One of my favorite pictures from my youth was taken in the backyard of my parents’ house in Rockville, Maryland. It shows my sister and me, on an Easter Sunday from about 1970, wearing what could only be called our “Sunday best” and standing in front of a large, blooming dogwood tree.

The tree was a familiar fixture from my childhood, and its first blooms were a sure sign that spring had arrived. With the Easter season itself now in full bloom—it is Easter, after all, until Pentecost—I thought it was a good time to talk about the dogwood tree, and the unusual story behind it.

As Wikipedia puts it:
“There is a Christian legend of unknown origin that proclaims that the cross used to crucify Jesus was constructed of dogwood. As the story goes, during the time of Jesus, the dogwood was larger and stronger than it is today and was the largest tree in the area of Jerusalem. After His crucifixion, Jesus changed the plant to its current form: He shortened it and twisted its branches to assure an end to its use for the construction of crosses…”
Yet another description of the story puts the tree in a more sympathetic light:

“To be put to such a cruel use greatly distressed the tree. Sensing this, the crucified Jesus, in His gentle pity for the sorrow and suffering of all, said to it: ‘Because of your sorrow and pity for My sufferings, never again will the dogwood tree grow large enough to be used as a gibbet.”

Henceforth it will be slender, bent and twisted and its blossoms will be in the form of a cross—two long and two short petals.

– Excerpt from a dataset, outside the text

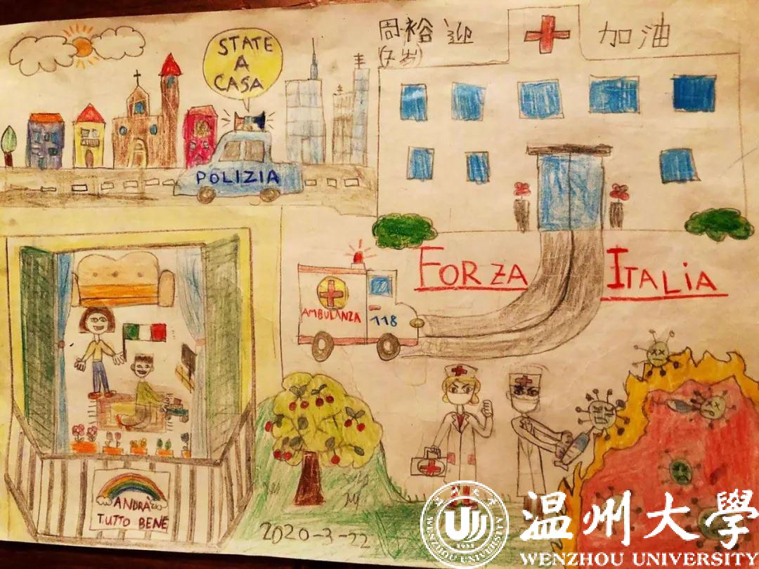 “期间,我还组织任教的意大利BETLEM学校三、四、五年级学生上疫情知识普及课,给孩子们观看中国抗疫纪录片。那几节课上,我很好地引导孩子们正确认识新型冠状病毒,了解预防措施,并动员孩子们用画笔给远在中国的小伙伴传递爱。”

In the center of the outer edge of each petal there will be nail prints—brown with rust and stained with red—and in the center of the flower will be a crown of thorns, and all who see this will remember.’

Whatever the origins of the dogwood, and whatever the reason for its curious, cross-shaped buds, it remains a welcome harbinger of spring, a reminder of this season of renewal and rebirth.

We should savor the buds of the dogwood while we can—seeing in their beauty a mute testament to the season that manages, in a matter of days, to bring us both the agony of the cross and the joy of the Resurrection.